Es werden zwei Kurven aufgenommen:
Blaue Kurve bei pH 4,3 (originale Moorprobe)
Rote Kurve bei pH 9,5 (= höchste Kolloidstabilität)

Die Puffer-/Speicherkapazität der Humusprobe ist im alkalischen Bereich wesentlich größer als im sauren Bereich.
Faktor 7-8 bei pH 9,5 gegenüber der originalen Moorprobe.

Humuskolloide bei verschiedenen pH-Werten

Humuskolloide bei verschiedenen pH-Werten

  • Hochmoor-Schwarztorf Kendlmühlfilzen/Chiemseemoore, Regenwasseraufschwemmung, sedimentiert, pH 4,3
  • Hochmoor-Schwarztorf wie A, jedoch auf pH 9,5 eingestellt
  • Mineral-Leonardit in Regenwasser aufgeschwemmt, sedimentiert, pH 6,4
  • Mineral-Leonardit wie C, alkalisch eingestellt auf pH 9,5

Erklärung

Im Ausgangszustand reagieren sowohl Hochmoor- Torf (A) und Leonardit (C) sauer und die nur geringe Löslichkeit überrascht daher nicht.
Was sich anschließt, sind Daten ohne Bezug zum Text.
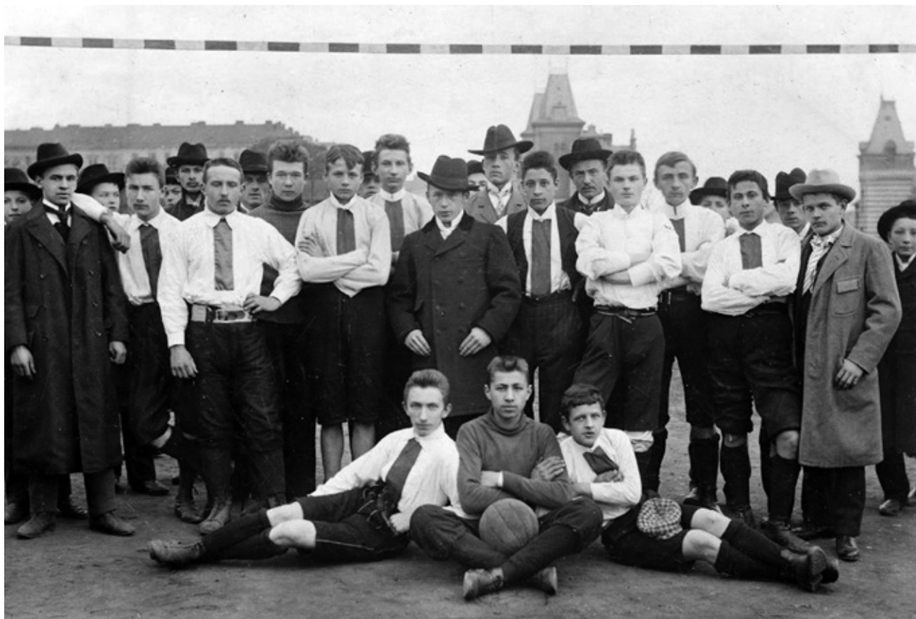
Takhle začínali vršovičtí sportovci v r. 1903 na „Šifneráku“. Tak zní autentická popiska z klubového almanachu a lokalizaci stvrzuje i rub fotografie, jenže uvedený rok 1903 nemáme jak ověřit, ale chyby v datacích byly v archivu AFK i u dalších a podstatně mladších snímků... Tito mladí muži již zjevně vlastní regulérní kopací míč a košile zdobí svislý našitý pruh, nikoli tedy vázanka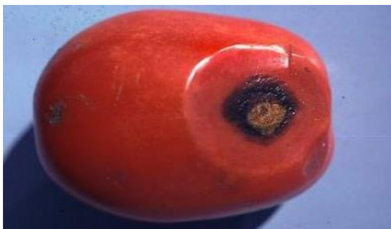
Slika 8: Antraknoza ploda rajčice

Antraknoza, uzrokovana gljivicom Colletotrichum coccodes , je jedno od najčešćih oboljenja rajčice. Prvi simptomi postaju vidljivi na zrelom plodu ili tijekom zrenja kao male kružne mrlje na koži. Kako se ove mrlje počinju širiti, razvija se tamno središte ili koncentrični prstenovi s tamnim pjegama, koje stvaraju spore od gljiva (Slika 8.).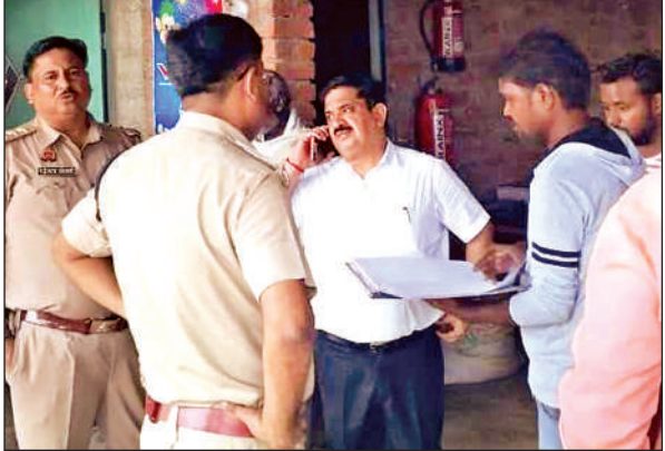
पटाखा निर्माण कारखाने का निरीक्षण करते एसडीएम व सीओ।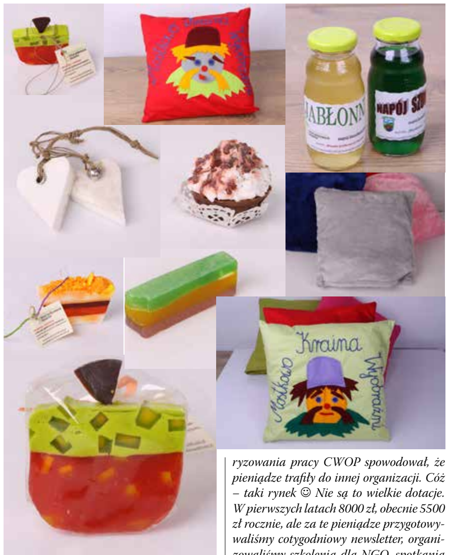
Lokalne produkty turystyczne

MH: To prawda. Te cztery lata to czas niezłego tempa. Ze względu na to, że wśród założycieli organizacji były osoby o sporym doświadczeniu w projektach, to już po pół roku mieliśmy budżet ponad 60 000 zł i pierwsze projekty. Nie tylko na prowadzenie CWOP, ale przede wszystkim na współpracę i komunikację. Powstało Małe Forum Pełnomocników ds. współpracy z organizacjami pozarządowymi. Za chwilę dołączyły organizacje „wsparciowe” z terenu powiatu: LGD, LOTy, instytucje otoczenia biznesu. Powstała całkiem spora i świetnie zintegrowana siatka współpracy. Dziś możemy śmiało powiedzieć, że znamy się ze wszystkimi samorządami. W każdej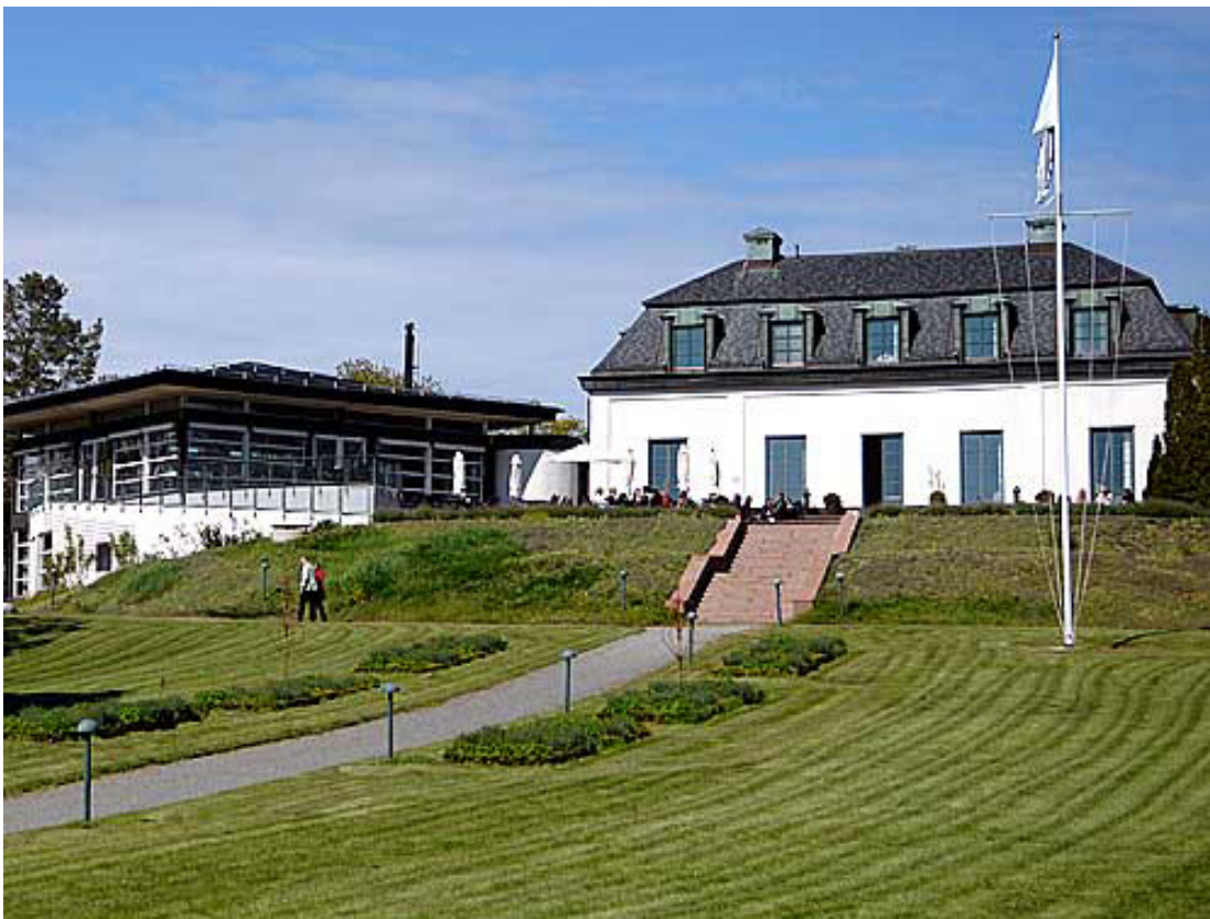
Nya matsalen 1990.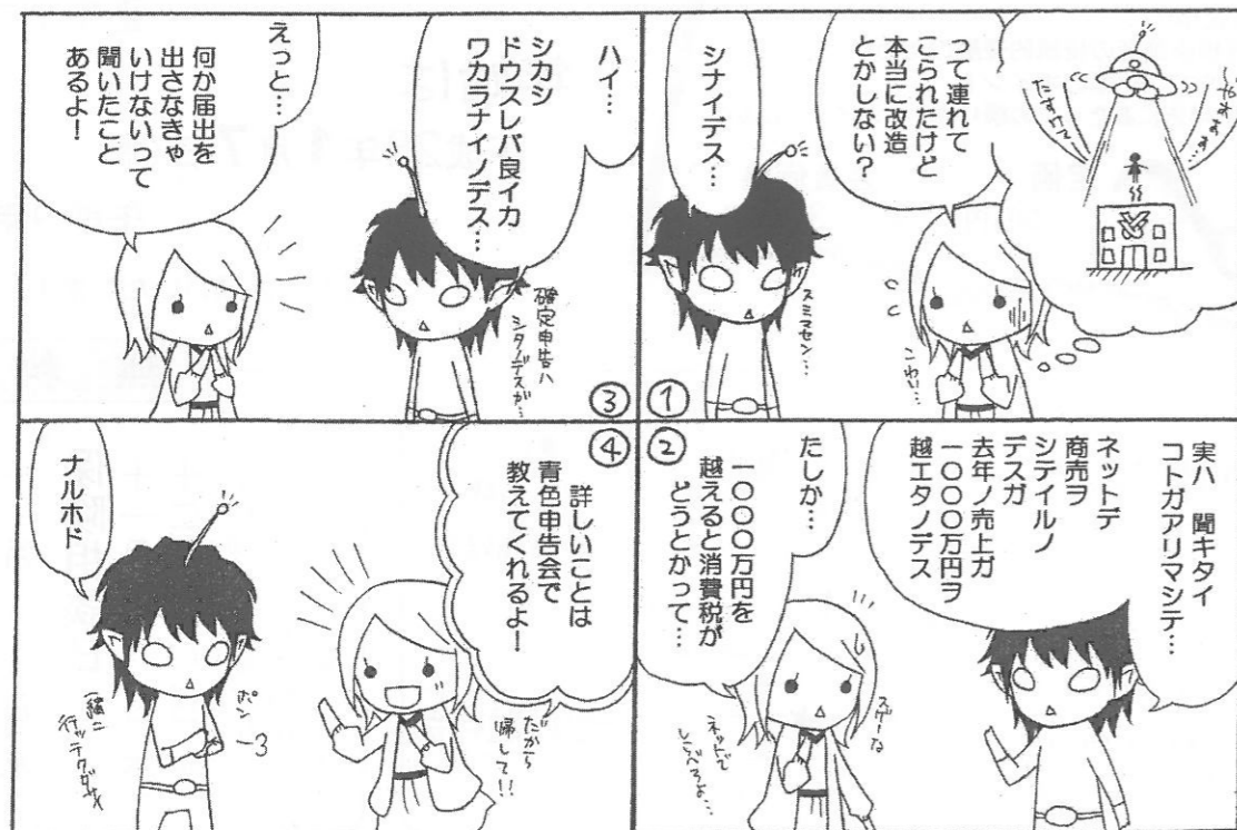
「消費税届出」の巻 パート2

上記の場合、「消費税課税事業者届出書」の提出が必要です。また、一般課税か簡易課税の選択も必要となりますので、平成27年12月25日までに申告会へお越しください。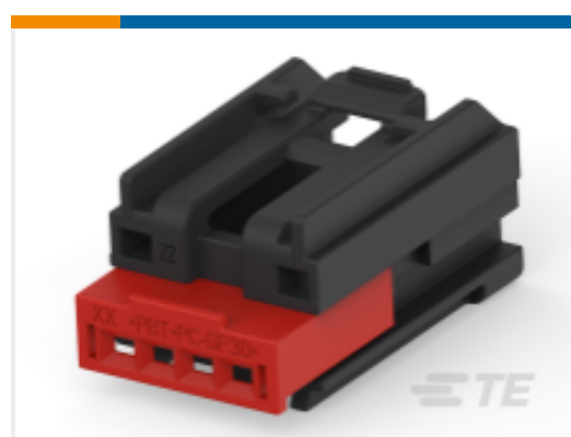
TE 产品编号1456983-5 1X4 Fem unsealed LP assy Key C

Das meiste Material ist sedimentiert.

Im alkalischen Bereich wird die Humussubstanz jedoch in wesentlich kleinere Teilchen aufgespalten (makromolekulare Huminsäuregruppen), die Humus-Kolloide bleiben in Lösung (B Torf, D Mineral- Leonardit).

Humuspräparate wie „flüssiger Humus“ werden im Hinblick auf möglichst hohe Stabilität und Reaktivität des Kolloids daher in Form alkalischer Auszüge aus Leonardit hergestellt (wobei im Falle von Mineral-Leonardit u.a. auch Kieselsäuren/Silikate beteiligt sein können).

Mineralkolloide

Die in dieser Kurzabhandlung beschriebenen Mineralkolloide aus Gesteinsmehlaufschwemmungen zeigen hinsichtlich Stabilität und Puffervermögen ein ähnliches pH-wertabhängiges Verhalten wie die obigen Huminsäuren/Humate) mit erhöhter chemischer Wirksamkeit im alkalischen Bereich.

Kolloide aus Mikroorganismen, Biofilme

Auch Mikroorganismen weisen in wässriger Umgebung auf ihrer Oberfläche ionische Kolloideffekte auf, weswegen sie nicht ganz unerwartet eine deutliche Affinität zu Kolloiden in Böden, Kompost, Gülle, Pflanzenjauchen etc. haben.

Reale Verhältnisse

Da Mutter Natur in den Böden etc. unterschiedlichste Materialien und Prozesse mit zum Teil gegenläufigen Reaktionsverhalten (z.B. anionische und kationische Kolloide) unter einen Hut bringen muss, folgt sie meist einem Kompromiss:

Agrarböden etc. arbeiten am besten in einem relativ engen Bereich um den Neutralpunkt pH 7.